Conclusion
Introduction
Today completes a series on the liquidation process of the insurance giant that collapsed spectacularly in early 2009 after news came out of Trinidad and Tobago that the company’s parent had been taken over by that country’s central bank following a dramatic run on the company mainly by policyholders. As we looked with amazement at the manoeuverings of those involved including President Jagdeo, Drs Ashni Singh and Roger Luncheon and Ms Maria Van Beek and Ms Geeta Singh-Knight we learnt that the Guyana subsidiary was resting on a foundation of sand, that the company had been managed recklessly, and that the regulator had failed to do its job. Then we saw what the Insurance Act and the Companies Act had intended, namely, to regulate the orderly liquidation of a failed business, turn into a series of legal and professional infractions.
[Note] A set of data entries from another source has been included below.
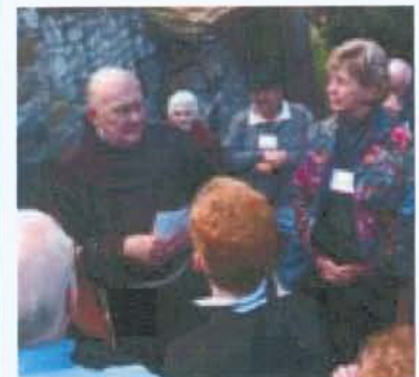
Pilgrims listen to a lecture: San Damiano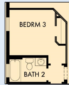
OPTIONAL BEDROOM 3 AT STUDY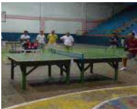
Figure 15 – “Lihadors” in action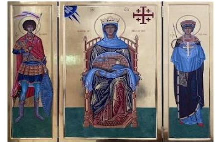
The new Tryptic of Our Lady Queen of Palestine in St George's Cathedral, Southwark

On the Feast Day of Our Lady Queen of Palestine, (25 th October), a special Mass was held at St George's Cathedral in Southwark, for peace in the Holy Land.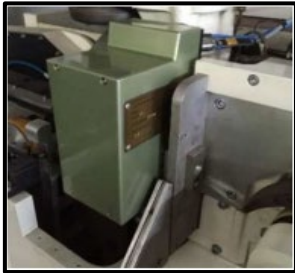
Microwave Weight Control Scanning Head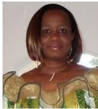
Honorable Ciata Bishop

Minister of Commerce & Industry , Republic of Liberia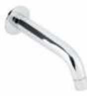
Bath Spout Code : 1,230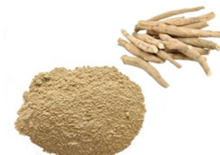
Natura Ayur Ashwagandha Extract Powder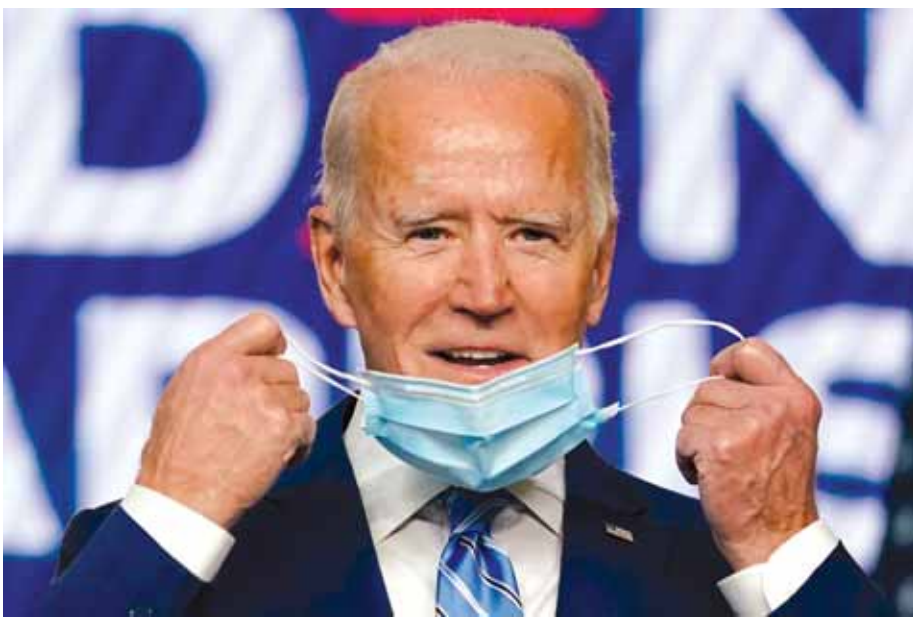
Democratic presidential candidate and former Vice-President Joe Biden takes off his face mask as he arrives to speak in Wilmington

Trump Campaign Manager Bill Stepien told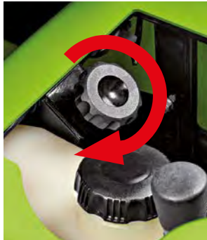
Details of the adjustment

The blades automatically disengage when the grass catcher is full. There is also the possibility to choose the “buzzer” option to signals that the catcher is full, without stopping the blades.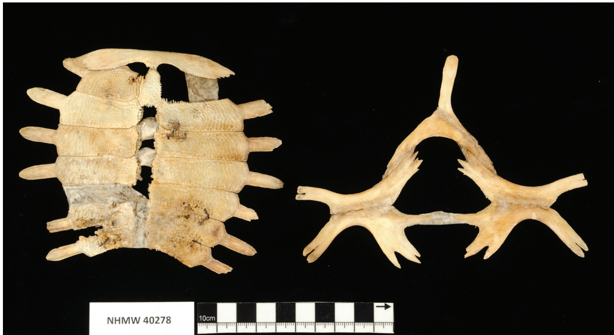
Figure 2. Holotype (NHMW 40287) of A. o. jongli ssp. nov. Bony elements of carapace (dorsal) and plastron (dorsal/visceral). Some neurals, 1 st pleural right, left epiplastron and xiphiplastron missing.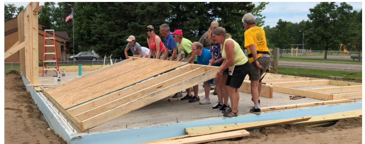
A new house under construction in West Eveleth by North St. Louis County Habitat in July 2019.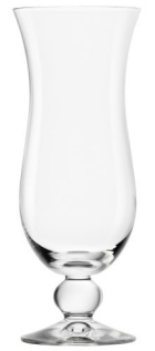
483 00 25 Acapulco 17oz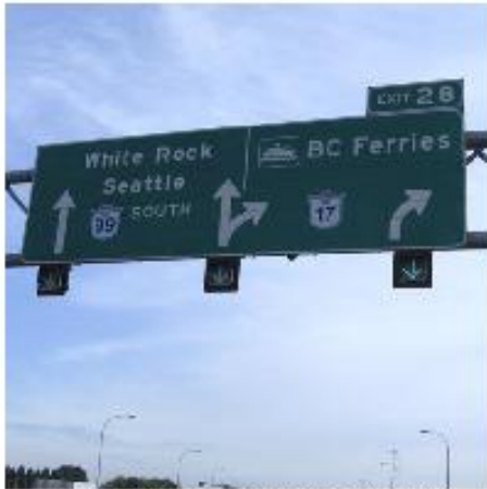
SIGN 1. Hwy 99 Southbound at Hwy 17 Add "South Surrey"

This series of three parts began following the lodging of a Liquidator’s Statement of Receipts and Payments more than one year beyond the statutory deadline. If readers thought the elementary errors in the preparation of the statement by the liquidator and his team were bad, they must now confront worse. If the high priced professionals knew what they were doing, it is not reflected in their work. Their carelessness, shoddiness and poor standard of work have done nothing to minimise, let alone reverse the massive losses to Clico’s creditors, the NIS and the country.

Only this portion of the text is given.